The earliest dense development in the suburb existed between the mouth of the Wien River and Franzensbrücke on what was then Weißgerber Hauptstrasse, and since 1862 Obere Weißgerberstrasse. Around 1830, today's Löwengasse already existed (the section closer to the Danube Canal was then called Kirchengasse ) and Untere Weißgerberstraße, then Untere Gärtnergasse. Most of the other blocks and streets were built much later.

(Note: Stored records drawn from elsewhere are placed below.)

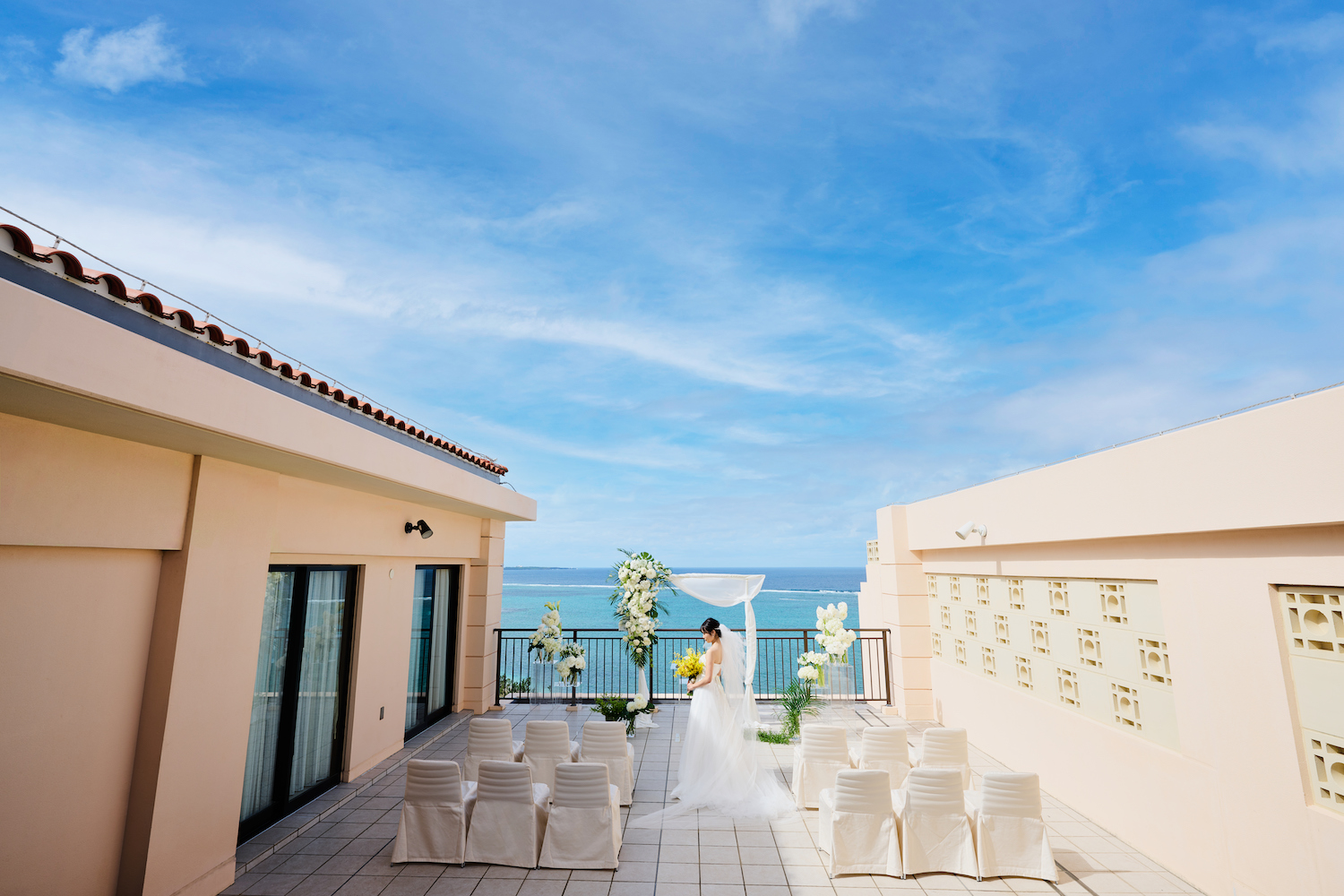 恩納村の碧い海 青い空に囲まれて自然の中で誓い合う Beach side ・ Terrace Ceremony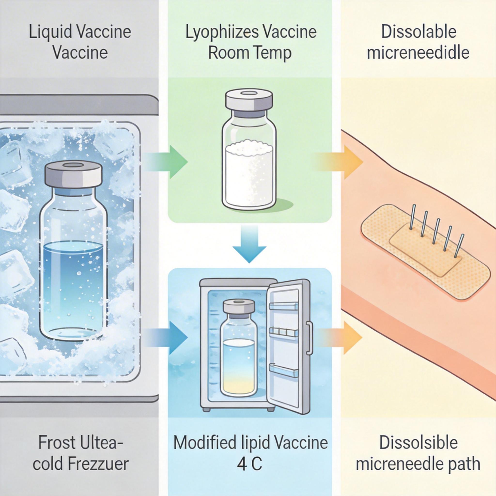 最紧迫的是解决冷链依赖。冻干技术是目前最成熟的方案——把疫苗里的水分抽干,做成粉末,就能在25℃的常温下保存半年以上。MIT团队还在优化脂质结构,他们把传统的线性叔胺改成环状的哌啶基团,减少了脂质氧化产生的杂质,让液态疫苗在4℃下能稳定存放5个月,不用再依赖超低温冰箱。还有微针贴片,把疫苗做成像创可贴一样的贴片,贴在皮肤上就能自行溶解,不仅不用专业医护人员,还能在室温下稳定保存,简直是为偏远地区量身定做的。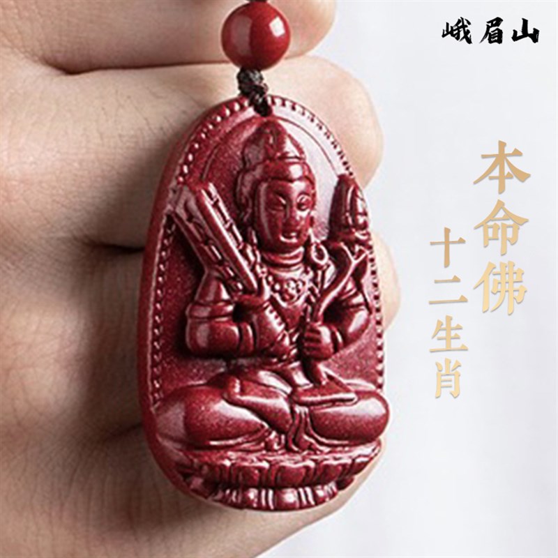峨眉山天然朱砂本命佛吊坠本命年太岁属鼠兔龙马鸡挂件护身符项链

  • The most famous building in the district today is the Hundertwasserhaus or Hundertwasser-Krawina-Haus at the corner of Kegelgasse / Löwengasse , built in the 1980s . The popular picture postcard motif, a residential building of the City of Vienna, was and is photographed by guests from all over the world.
  • The Palais des Beaux Arts at Löwengasse 47–47A has been the seat of the Embassy of the Republic of Lithuania since 1994 . The palace, equipped with elements of late historicism and decorative motifs from Western European Art Nouveau , was built in 1908/09 according to plans by Anton and Josef Drexler .
  • The KunstHausWien , also opened in 1991 by Friedensreich Hundertwasser , between Unterer Weißgerberstraße 13 and Weißgerberlände 14, an exhibition center for works by Hundertwasser and other artists, has been run by Wien Holding , a company owned by the City of Vienna, since 2007 .
  • The Catholic parish church of St. Othmar unter den Weißgerbern was built in neo-Gothic style according to plans by cathedral builder Friedrich von Schmidt and consecrated in 1873. The 80 m high tower is the fifth highest church tower in Vienna. The church replaced the previous church in Löwengasse, which had to give way to the construction of Radetzkyplatz .
  • The Federal Computing Center at Hinteren Zollamtsstraße 4, built 1969–1974, and the Federal Office building at Radetzkystraße 2 (corner of Hintere Zollamtsstraße, seat of the Ministry of Transport , the Ministry of Health and the Tax Office for the 1st and 23rd districts) were built on the site of the former main customs office.
  • The official building erected by Paul Sprenger under Emperor Ferdinand I in 1840–1844 at Vorderen Zollamtsstrasse 5 on the Wien River now houses the Austria-wide tax office for fees, traffic taxes and gambling.
  • The headquarters of the Court of Auditors has been located in a building built for it at Dampfschiffstrasse 2 / Obere Weißgerberstrasse 1 since the 1980s. The building of the General Directorate of the First Danube Steamship Company, erected between 1853 and 1855, previously stood on the property .
  • The headquarters of the city rescue service has been located at Radetzkystraße 1 since 1897. The service established by the Vienna Voluntary Rescue Society was forcibly handed over to the city administration in 1938 under the Nazi regime, which continued to use the building for the Viennese professional rescue service (today: MA 70 , Rescue and Sick Transport Service of the City of Vienna).
  • On the Weißgerberlände and Untere Weißgerberstrasse from Krieglergasse, on the confluent streets and also on Rudolf-von-Alt-Platz, there is an almost closed ensemble of upper-class apartment buildings in the late historical-secessionist style, which were mainly designed by Julius Müller and the brothers Anton and Josef Drexler originates.

See also

Individual evidence

  1. ^ Vienna district handbooks. 3rd district: Landstrasse. Vienna 2002, p. 34 f. (Plan of the imperial-royal police district Landstrasse by Anton Ziegler)
  2. Municipal Department 23 of the City of Vienna - population development in Vienna and the 23 municipal and 250 census districts (PDF file, 10 MB)
  3. ^ Géza Hajós, Eckart Vancsa: Die Kunstdenkmäler Wien. The secular buildings of the III., IV. And V district. (= Austrian art topography. Volume XLIV ). Verlag Anton Schroll & Co., 1980, ISBN 3-7031-0470-8 , p. 184 f.